The National Security Agency (NSA) isn’t limiting itself to telephone metadata and email communications. The agency is building a massive database of photos as part of a facial recognition projection to track and identify targets, reports The New York Times. Millions of images are collected per day, according to documents obtained by NSA whistleblower Edward Snowden, with some 55,000 of “facial recognition quality.”
One presentation explaining the program says, “It’s not just the traditional communications we’re after: It’s taking a full-arsenal approach that digitally exploits the clues a target leaves behind in their regular activities on the net to compile biographic and biometric information” to “implement precision targeting.” Images are likely harvested from social media sites such as Facebook as well as from private communications captured by the NSA. But the latter would require court approval if domestic communications were targeted.
An NSA spokeswoman tells The New York Times that “we would not be doing our job if we didn’t seek ways to continuously improve the precision of signals intelligence activities — aiming to counteract the efforts of valid foreign intelligence targets to disguise themselves or conceal plans to harm the United States and its allies.” She says that the agency cannot access state driver’s license databases or U.S. passport images. She added that the image collection was separate from the agency’s bulk collection of metadata.

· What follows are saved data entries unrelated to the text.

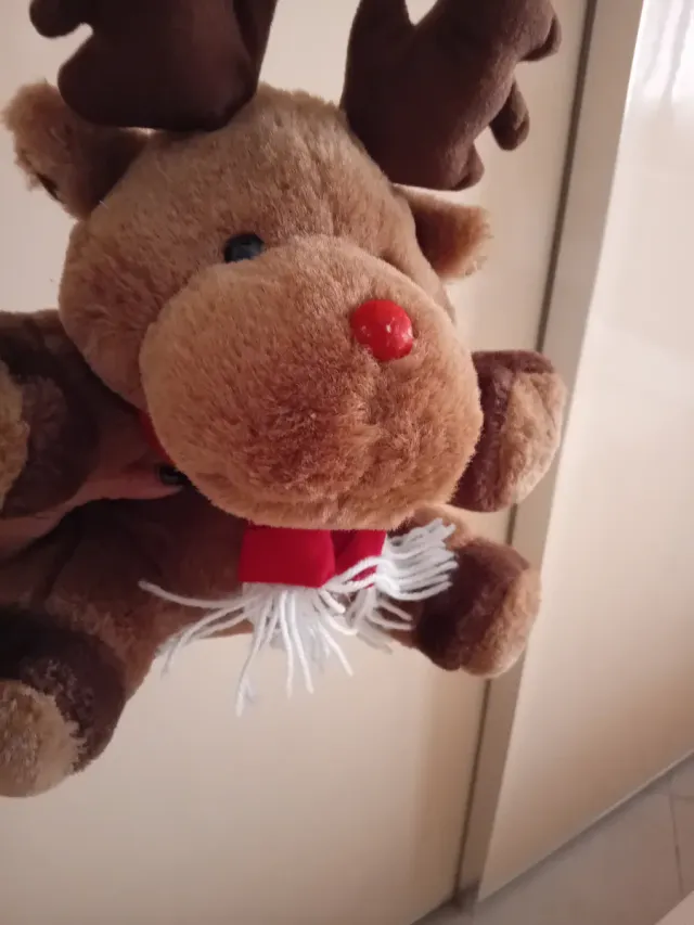 Dettagli del prodottoSimpatico peluche a forma di renna, perfetto per un regalo.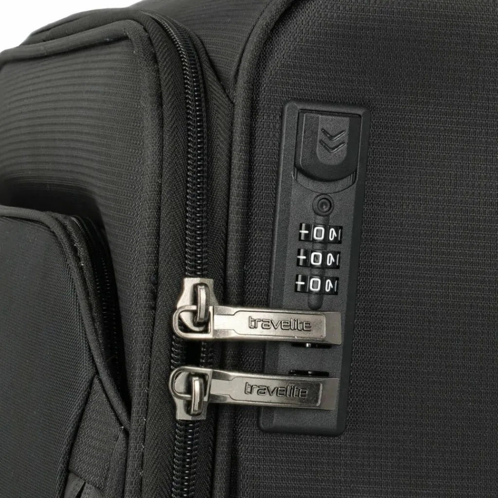 - Ausstattung: Tasche(n) innen, Reißverschlussfach, auf Trolley steckbar, arretierbarer Griff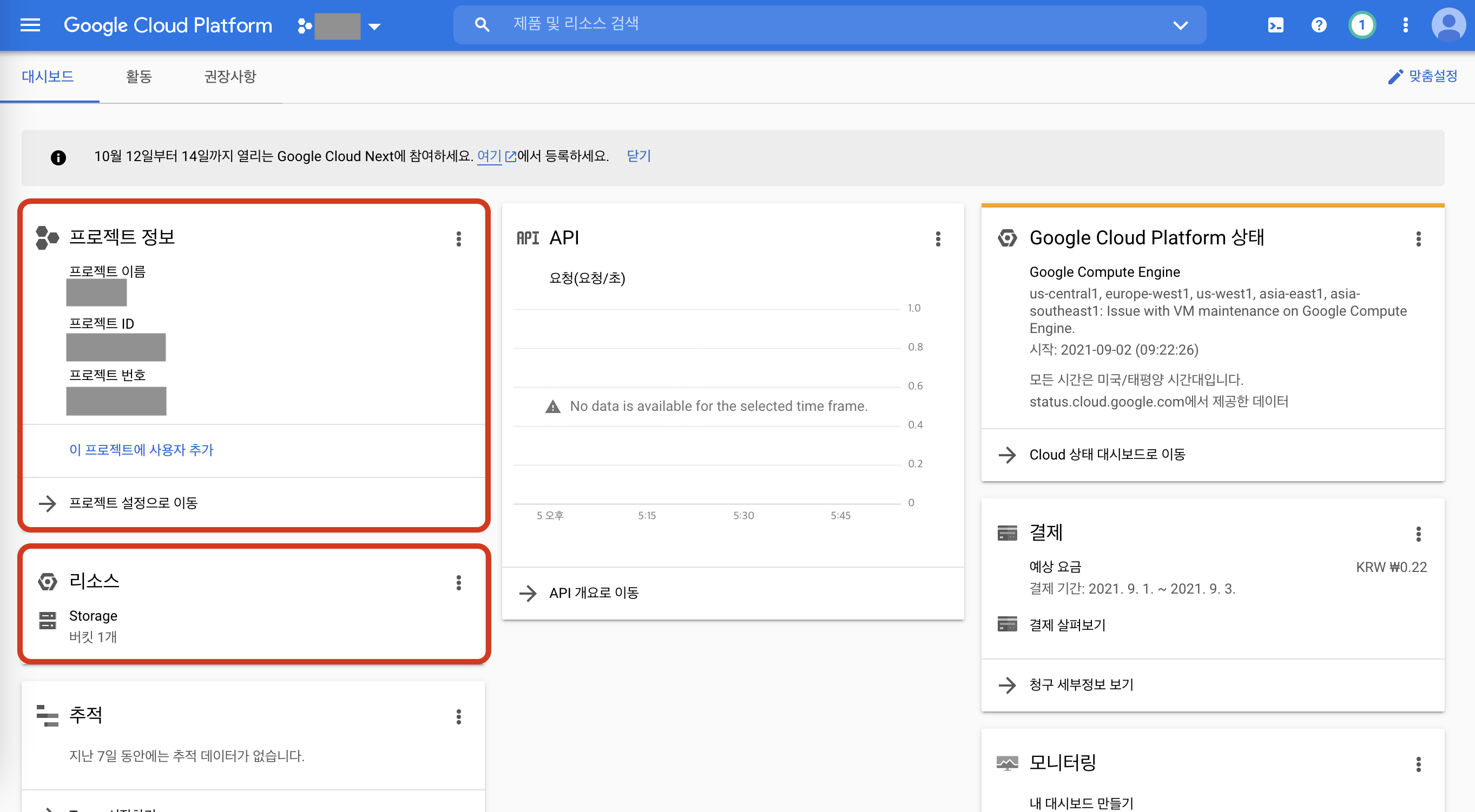 구글 Cloud Console에서 프로젝트, storage, 그리고 storage에서 bucket을 생성해둔다. 다 되었다면 Cloud Console에서 아래 화면과 같이 보인다.

Databases of images can be used to identify and track subjects — if the facial recognition technology is advanced enough. According to the Times, presentations show how the technology could match two photos of the same man, one bearded and the other not. Other technology has been used to analyze the backgrounds of photos to identify their locations against satellite imagery. But facial recognition technology is widely thought to need significantly more work. Images taken from an angle, for example, are difficult to identify. The NSA’s efforts here are not unique: other agencies like the FBI and State Department have massive image databases, and private firms are working on advancing facial recognition technologies.